The V8 balloon diagram and longitudinal dimensions are shown in Figure 3. The current balloon is made of Pebax, with a differential in the bulb and waist compliance characteristics. Current balloon sizes include 17, 19, 21, and 23 mm waist diameters; waist diameter was used to size the hourglass balloons given the convention of using the balloon-to-annulus ratio for selecting balloon sizes. With nominal inflations, the bulbs were 5 mm larger than the waist.
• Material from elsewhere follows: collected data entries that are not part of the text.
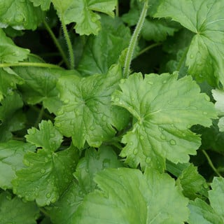 Small greenish-white flowers that form a loose spike. Foliage resembles a cluster of serrated, upside-down hearts at the ends of the flowering stalks.
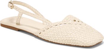 Woven composition enhances the everyday refinement of a square-toe flat complete with a slingback strap.
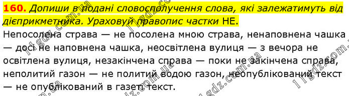 160. Допиши в подані словосполучення слова, які залежатимуть від дієприкметника. Ураховуй правопис частки НЕ. Непосолена страва — не посолена мною страва, ненаповнена чашка — досі не наповнена чашка, неосвітлена вулиця — з вечора не освітлена вулиця, незакінчена справа — поки не закінчена справа, неполитий газон — не политий водою газон, неопублікований текст — не опублікований в газеті текст.

Figure 3 demonstrates the different compliance characteristics of the waist and bulbous segment and precise volume-determined sizing. 

Two patients underwent BAV with the second-generation (TAV8) balloon, which is also hourglass shaped. The TAV8 balloon is different from the V8 balloon only in longitudinal total and segment lengths. It has the advantage of being even shorter in total length than the V8 balloon (ie, 24 mm vs 32 mm). In addition, its distal segment is just 4 mm, limiting its potential for trauma in the left ventricular outflow tract (LVOT) and heart block, which are likely more common beyond this depth.

Procedural technique. BAV was performed using a previously described retrograde arterial technique.⁵ In both groups, valvuloplasty balloons were delivered and positioned across the aortic valve using Amplatz extra-stiff 0.035˝ exchange wires (Boston Scientific) delivered through 10-14 Fr femoral arterial sheaths. A broad loop was shaped in the distal guidewire for stable positioning in the left ventricle. Temporary balloon flotation, bipolar pacing leads were positioned in the right ventricular apex for rapid ventricular pacing at rates of 160-220 beats/min. Rapid ventricular pacing was performed to preserve balloon stability across the aortic valve during inflation. In the matched control group, 4 cm-long Z-Med and Z-Med II cylindrical balloons (B. Braun Interventional Systems) were used. These balloons were sized to achieve a 1.0:1.2 balloon-to-annulus ratio. Sequential inflations with larger balloons were performed if necessary in an attempt to achieve a 50% reduction in intraprocedural aortic valve mean gradient. 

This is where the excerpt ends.